• _SOURCE DATA_:
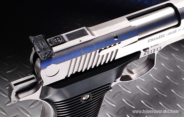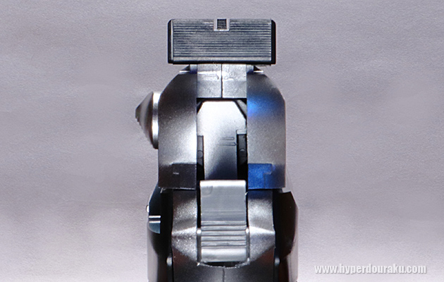 ハンマーはスライドのコッキングに連動して起き上がるが、指でこれだけを起こす事は出来ない。素晴らしくリアルに造形されたミレット社のターゲット・タイプ・リアサイトは思わずネジで調整したくなるが一体成形パーツ。エクストラクターも金型モールドによる表現だが、やや斜めに向いていて最高にリアル。塗装や表面仕上げによる「ステンレス感の演出」が素晴らしい。
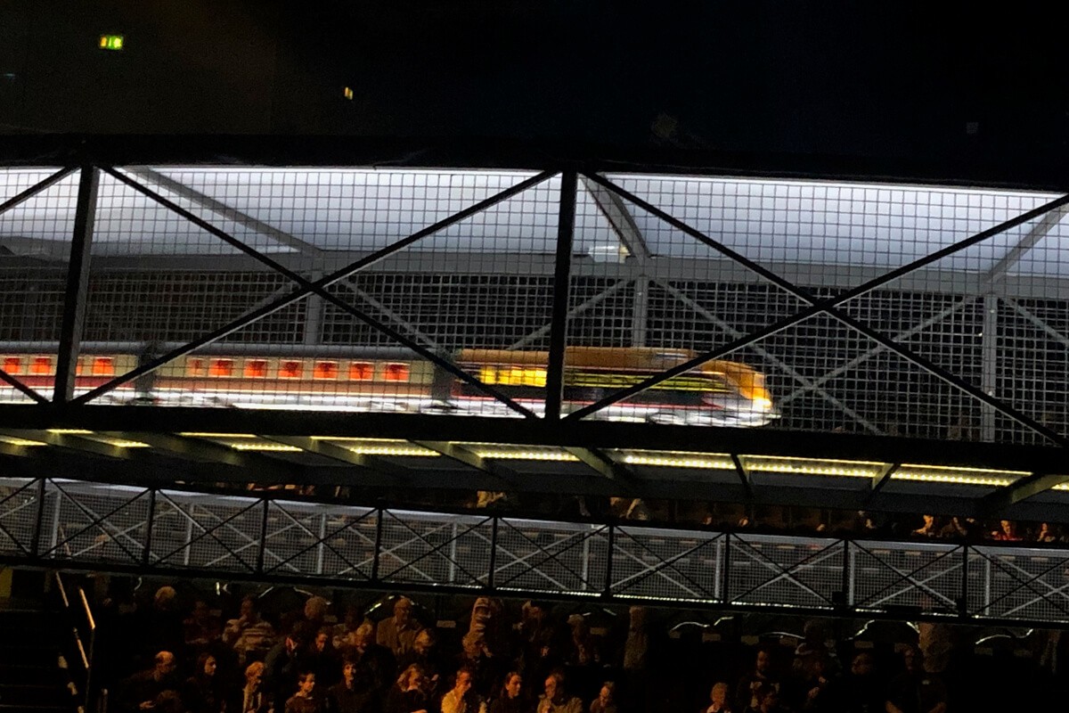 Jeder Darsteller ist also ein Zug oder ein Wagen, und düst auf seinen Rollschuhen kreuz und quer über die Bühne, die sich über die gesamte Halle erstreckt. Übrigens darf man während der Show nicht fotografieren – erst ganz am Ende, wenn das Musical an sich vorbei ist.
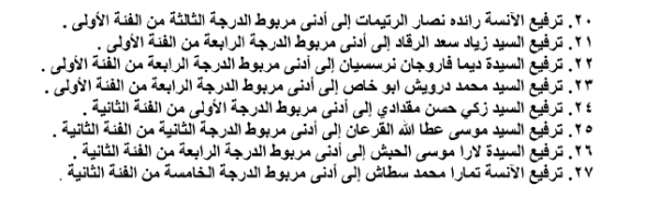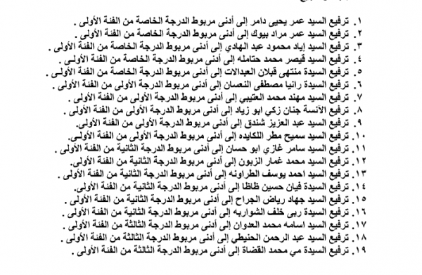 صدرت الإرادة الملكية السامية بإجراء الترفيعات التالية لموظفي الديوان الملكي اعتبارا من 1-1-2017 :
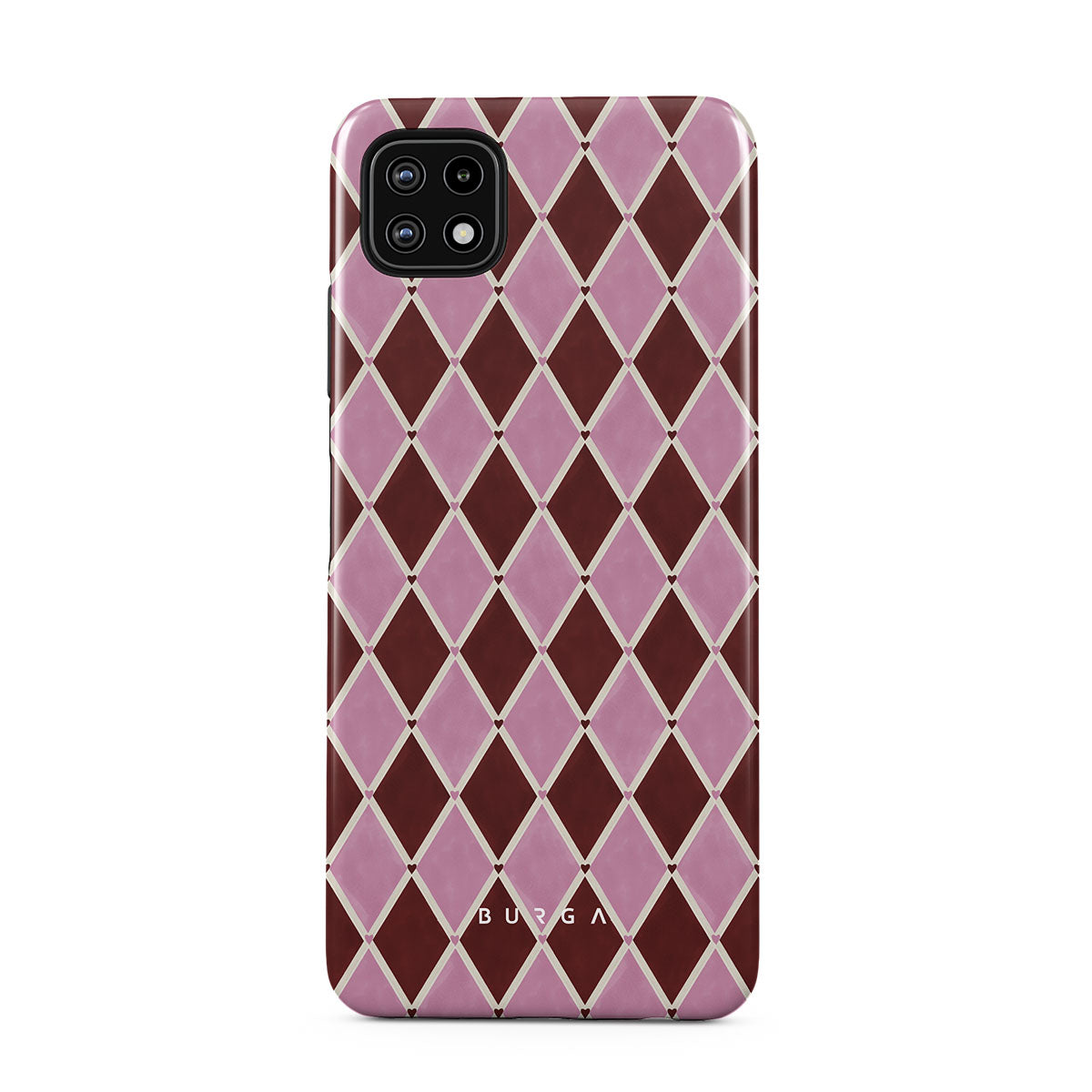 Kenmerken van dit design: harlekijnpatroon, roze ruiten, diep rode achtergrond
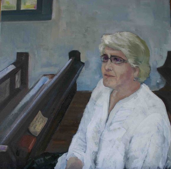 Jean is my wife. We decided to get married after we had known each other for a week in 1976. I hope this picture conveys her dignity and poise, and the significance of her being “interested” whilst sitting in our small local church talking to Mary ( Churchwarden). For me, just painting a person is never going to be enough. I want to paint the person “being the person.
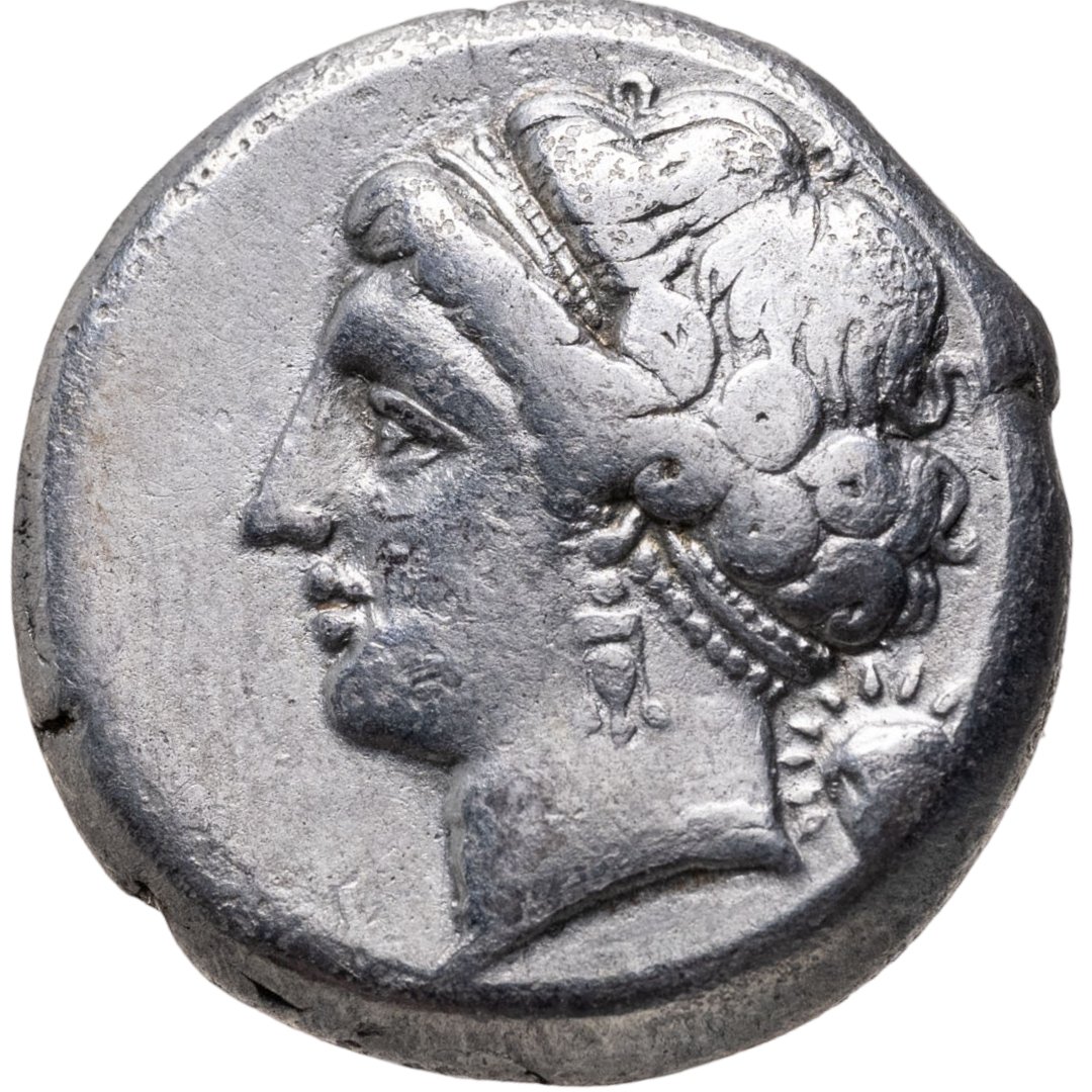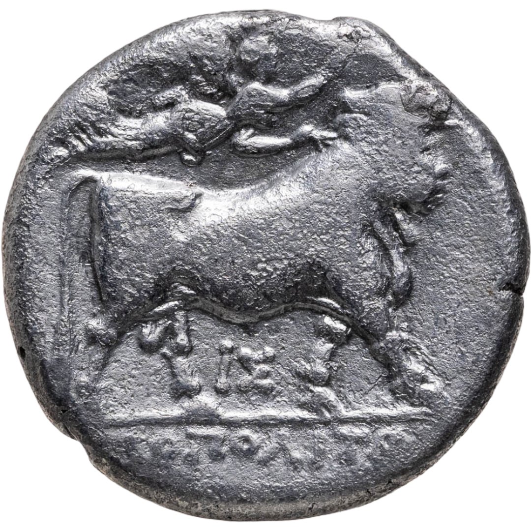 Аверс: голова нимфы Парфенопы в диадеме, повёрнутая влево, справа голова Гелиоса анфас.

• _WHAT YOU WILL DO_:
Each record above is to be restated exactly, with its pictures removed from the copy.

• _YOUR RESPONSE_:
 ハンマーはスライドのコッキングに連動して起き上がるが、指でこれだけを起こす事は出来ない。素晴らしくリアルに造形されたミレット社のターゲット・タイプ・リアサイトは思わずネジで調整したくなるが一体成形パーツ。エクストラクターも金型モールドによる表現だが、やや斜めに向いていて最高にリアル。塗装や表面仕上げによる「ステンレス感の演出」が素晴らしい。
 Jeder Darsteller ist also ein Zug oder ein Wagen, und düst auf seinen Rollschuhen kreuz und quer über die Bühne, die sich über die gesamte Halle erstreckt. Übrigens darf man während der Show nicht fotografieren – erst ganz am Ende, wenn das Musical an sich vorbei ist.
 صدرت الإرادة الملكية السامية بإجراء الترفيعات التالية لموظفي الديوان الملكي اعتبارا من 1-1-2017 :
 Kenmerken van dit design: harlekijnpatroon, roze ruiten, diep rode achtergrond
 Jean is my wife. We decided to get married after we had known each other for a week in 1976. I hope this picture conveys her dignity and poise, and the significance of her being “interested” whilst sitting in our small local church talking to Mary ( Churchwarden). For me, just painting a person is never going to be enough. I want to paint the person “being the person.
 Аверс: голова нимфы Парфенопы в диадеме, повёрнутая влево, справа голова Гелиоса анфас.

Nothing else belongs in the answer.